- [Problem requirements] The answer must consist solely of the lines from the one containing "Indian building wife bathing outside" through the last line of the records below, repeated exactly, with all pictures omitted.

(Records from a data source)
Start of Block
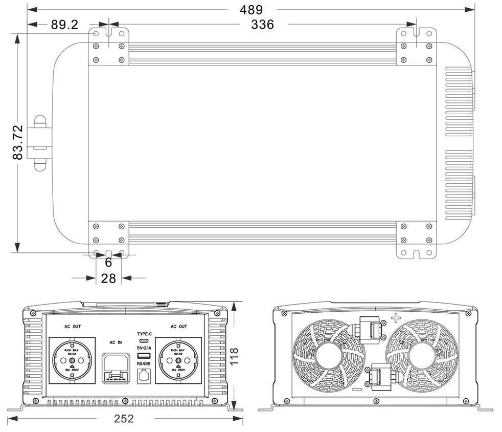 Други Димензије (Ш×В×Д) 489×252×118 мм
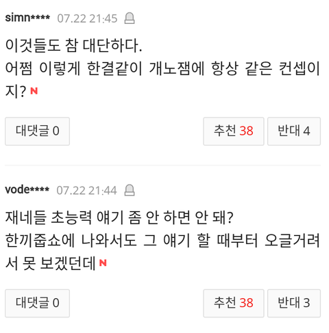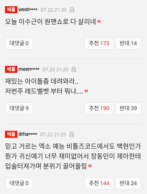 오늘 아는형님 기사 댓글들
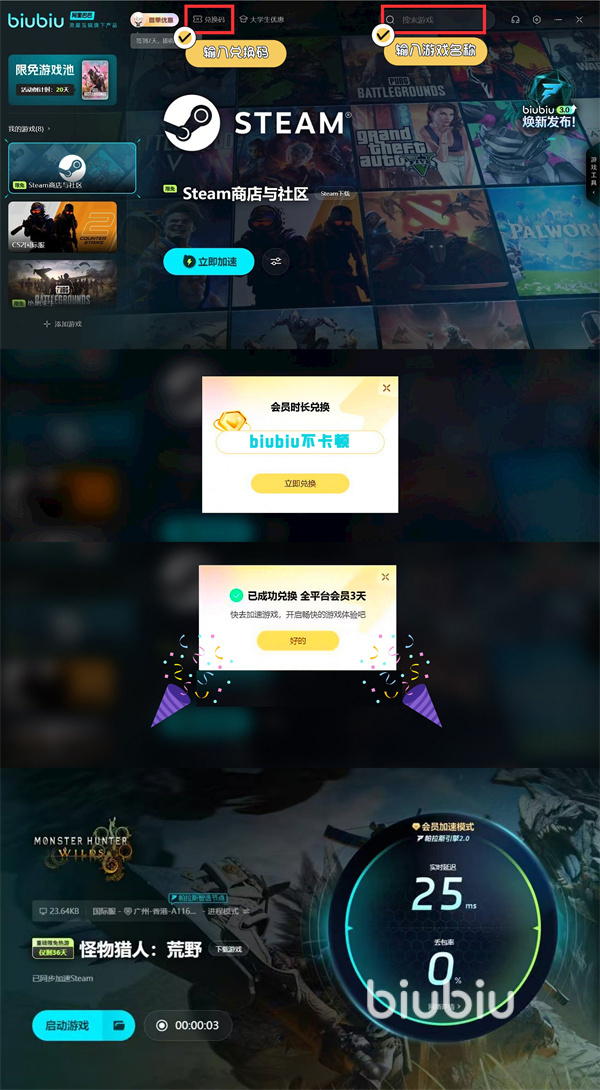 考慮到有些朋友希望能解鎖更多加速福利,因此平臺(tái)也是特地帶來(lái)了兌換碼福利,玩家現(xiàn)在可考慮去點(diǎn)擊兌換,然后借助【biubiu不卡頓】就能順利領(lǐng)取到72h的加速了哦。
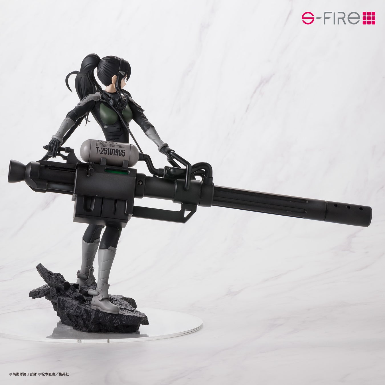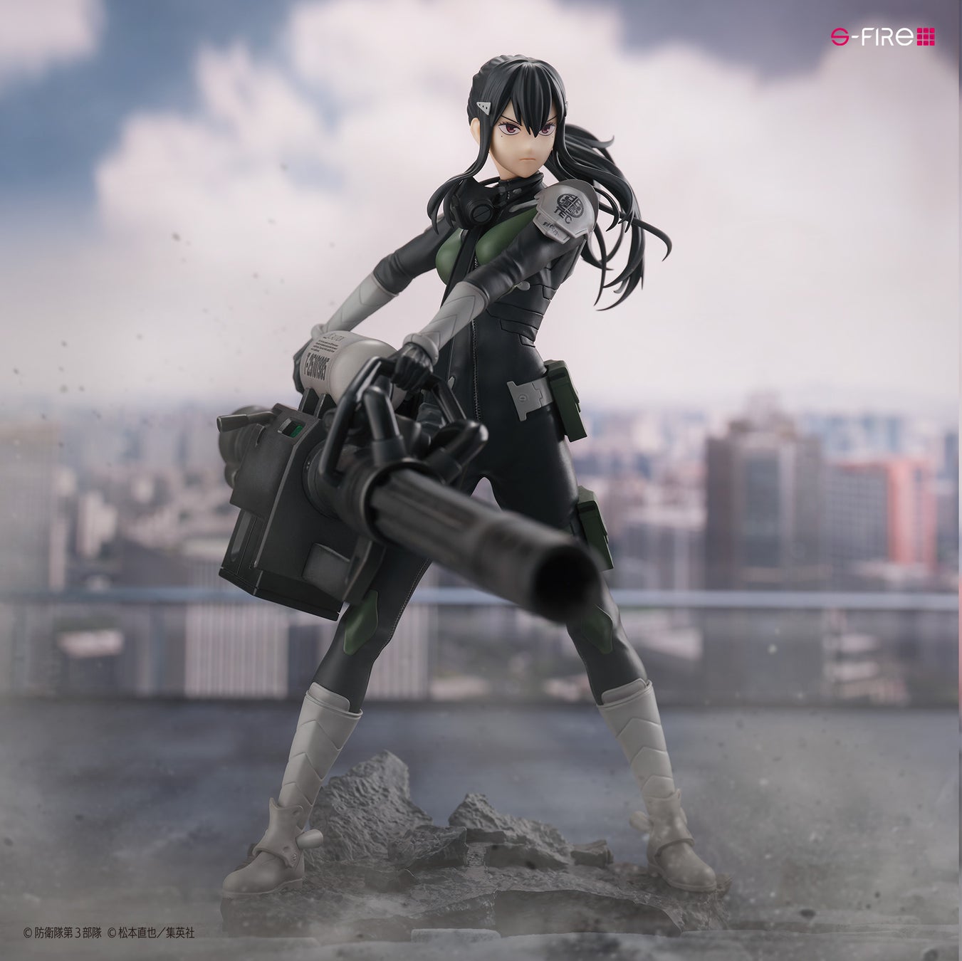 アニメ『怪獣8号』より、第3部隊隊長「亜白ミナ」をS-FIREが1/7スケールでフィギュア化。ターゲットを専用武器で狙い撃つべく戦闘態勢に入る直前の緊張感あふれる劇中シーンをイメージして立体化しました。印象深い専用武器は、劇中描写の迫力を目指してこだわりの造形で表現。
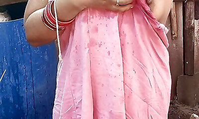 Indian building wife bathing outside
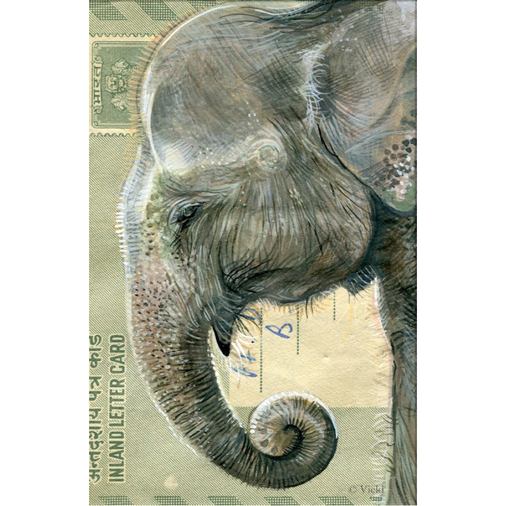Maak een groots gebaar met deze indrukwekkende wenskaart van een olifant. De gedetailleerde weergave van de huid en de karakteristieke slurf komen prachtig tot uiting tegen een vintage achtergrond van een Indiase 'Inland Letter Card'. Een artistieke kaart met een krachtige, maar rustige uitstraling, perfect voor een bijzondere mijlpaal, een felicitatie of als uniek kunstwerkje aan de muur.
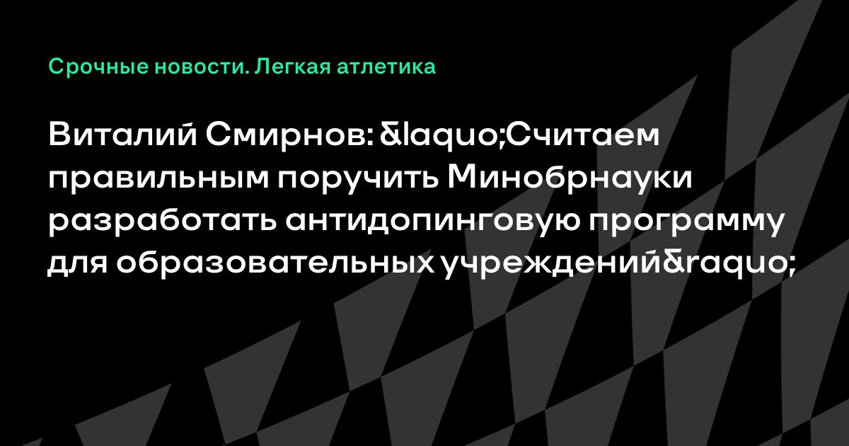 Глава Независимой общественной антидопинговой комиссии Виталий Смирнов сообщил о том, что попросил Минобрнауки разработать образовательную антидопинговую программу.
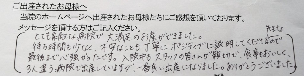 待ち時間も少なく、不安なことも丁寧にポジティブに説明してくださる先生なので最後まで心強かったです。入院中もスタッフの皆さんが親切で、食事もおいしく、3人違う病院で出産していますが、一番良い出産になりました。ありがとうございました。
End of Block
- [Exercise response]
 Indian building wife bathing outside
Maak een groots gebaar met deze indrukwekkende wenskaart van een olifant. De gedetailleerde weergave van de huid en de karakteristieke slurf komen prachtig tot uiting tegen een vintage achtergrond van een Indiase 'Inland Letter Card'. Een artistieke kaart met een krachtige, maar rustige uitstraling, perfect voor een bijzondere mijlpaal, een felicitatie of als uniek kunstwerkje aan de muur.
 Глава Независимой общественной антидопинговой комиссии Виталий Смирнов сообщил о том, что попросил Минобрнауки разработать образовательную антидопинговую программу.
 待ち時間も少なく、不安なことも丁寧にポジティブに説明してくださる先生なので最後まで心強かったです。入院中もスタッフの皆さんが親切で、食事もおいしく、3人違う病院で出産していますが、一番良い出産になりました。ありがとうございました。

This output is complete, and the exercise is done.